Dataset section >>

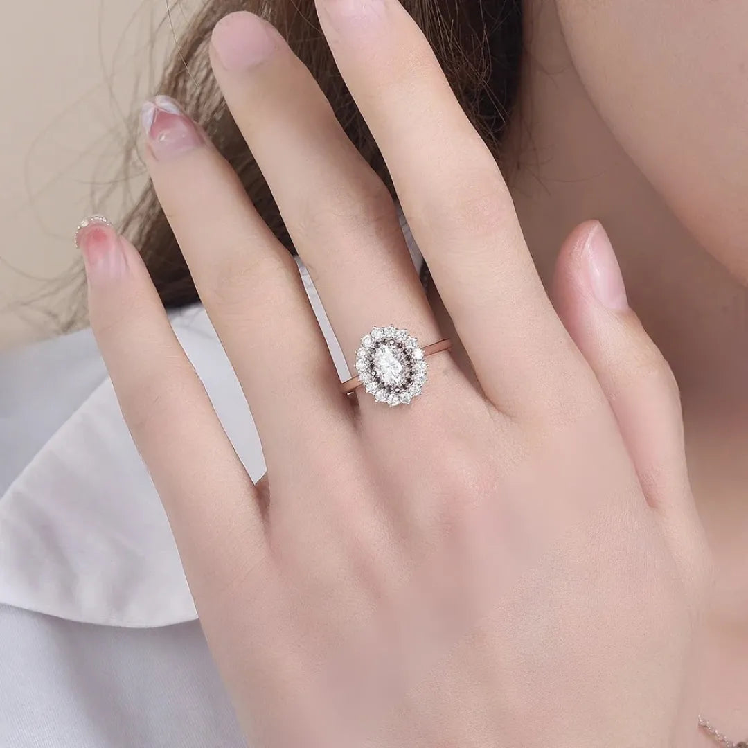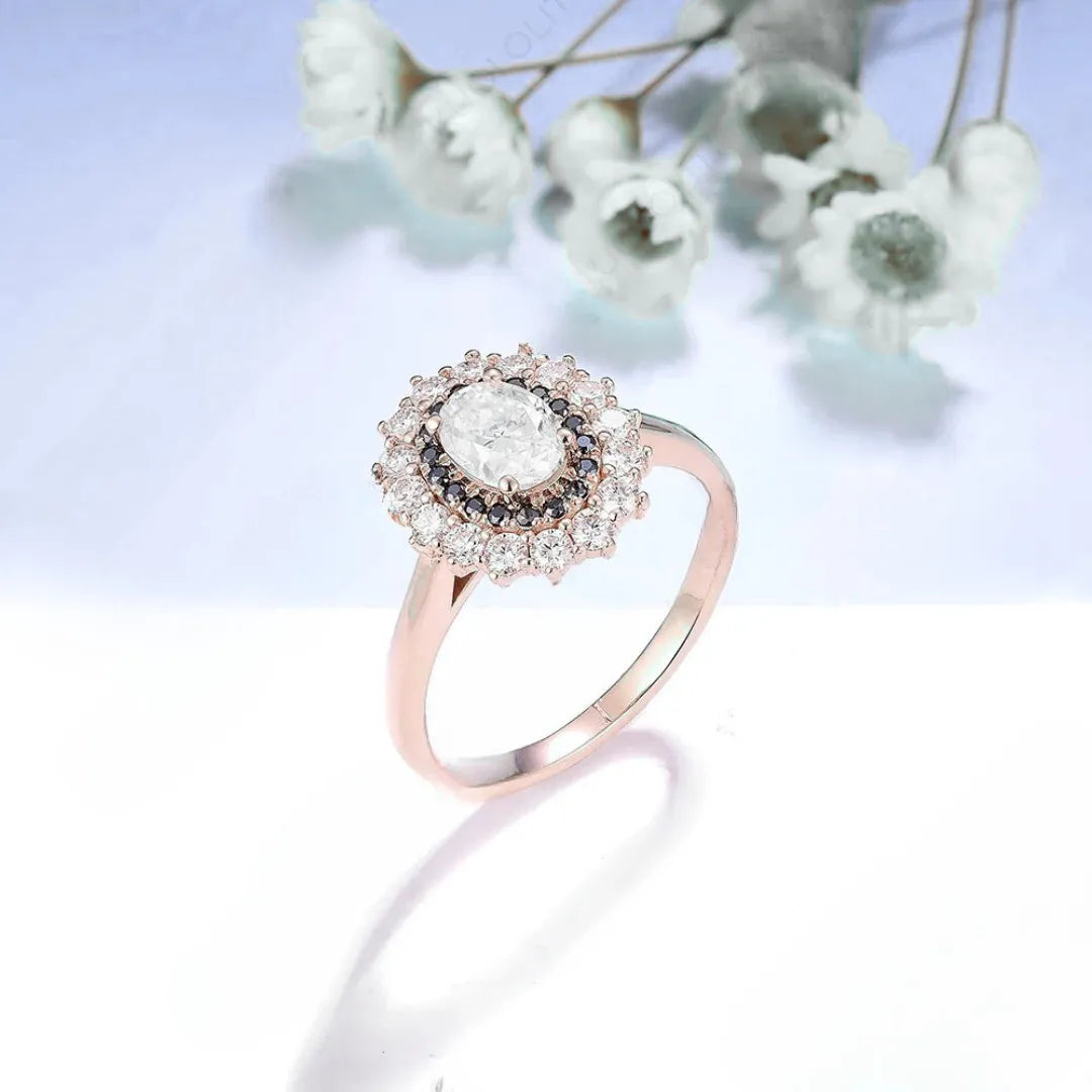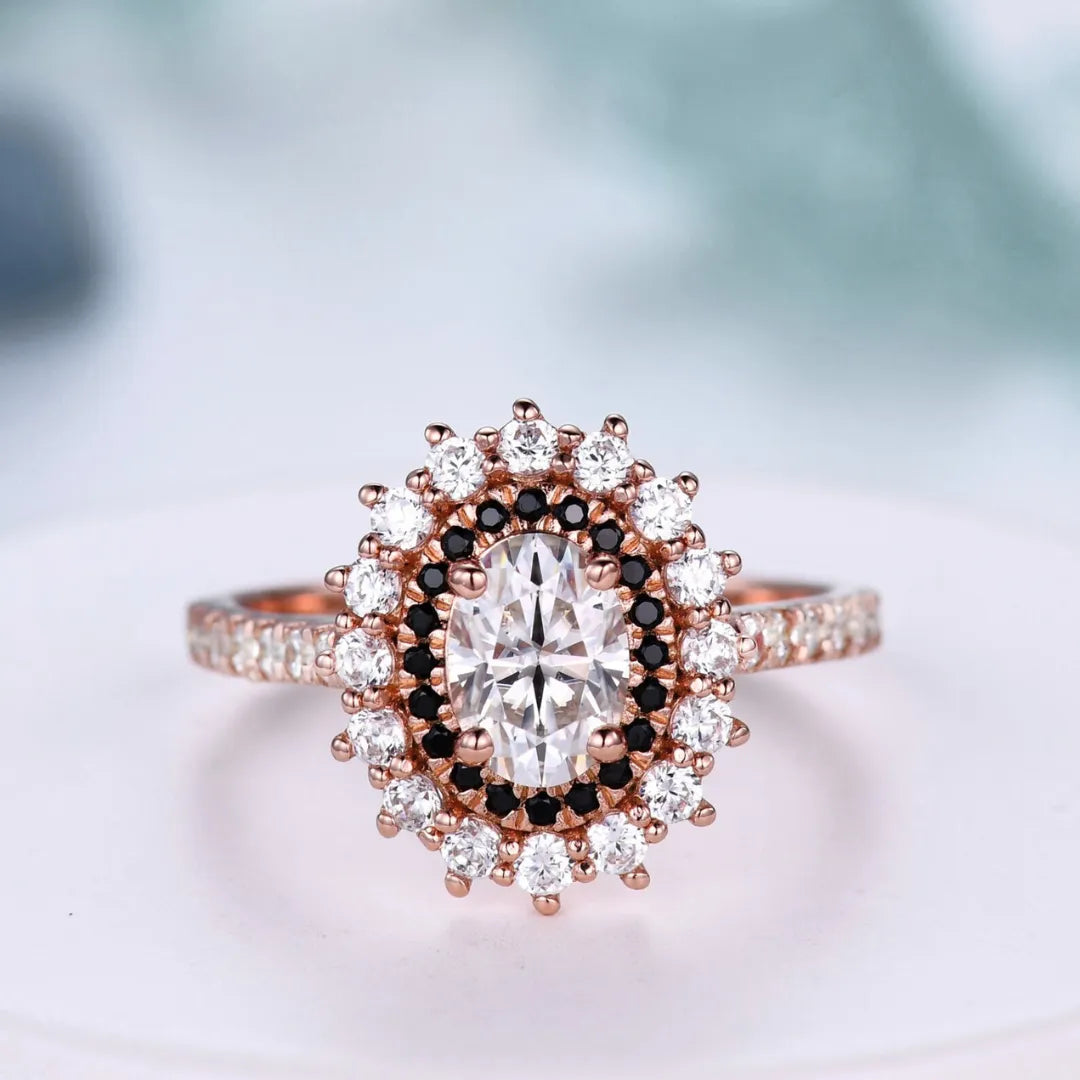 No centro da peça, uma moissanita branca de 1.0ct, lapidada em formato oval (5x7mm), irradia um brilho puro e nobre. Ao redor, pequenas moissanitas negras cuidadosamente cravejadas criam um contraste dramático e sofisticado — como luz e sombra em perfeita harmonia.
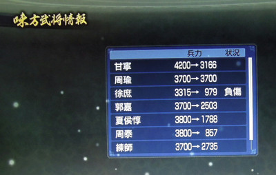 というわけで、「大丈夫!! 死なねぇ死なねぇ!」と、董卓国とのリベンジ戦に怪我中の徐庶さんを無理やりスタメンにねじ込む鬼君主・甘寧なのでした。
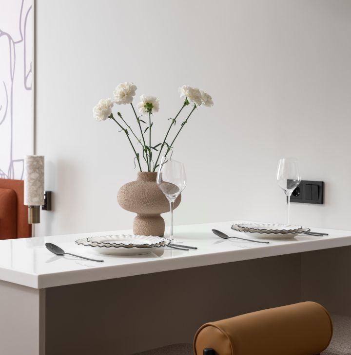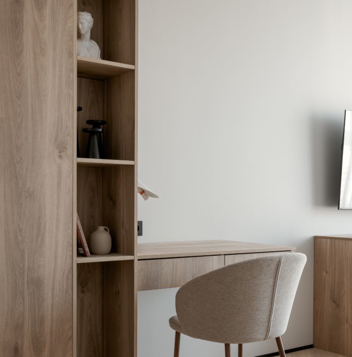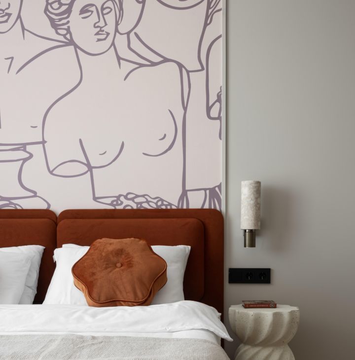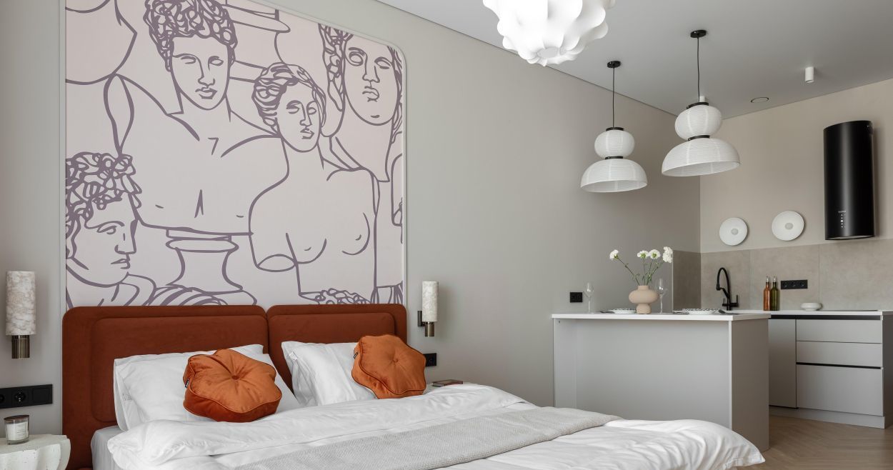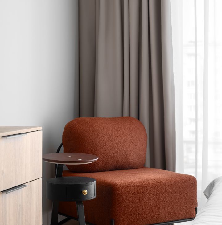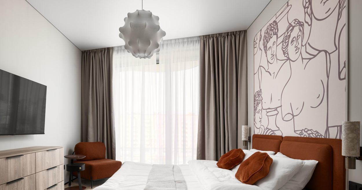 - гостиная зона оснащена дизайнерским диваном, тв-тумбой и телевизором.

Brief >>
Starting from the line that contains "というわけで、「大丈夫!! 死なねぇ死な", transcribe exactly each line down to the final line of the material above, excluding every picture and adding nothing else.

Response to the exercise >>
 というわけで、「大丈夫!! 死なねぇ死なねぇ!」と、董卓国とのリベンジ戦に怪我中の徐庶さんを無理やりスタメンにねじ込む鬼君主・甘寧なのでした。
 - гостиная зона оснащена дизайнерским диваном, тв-тумбой и телевизором.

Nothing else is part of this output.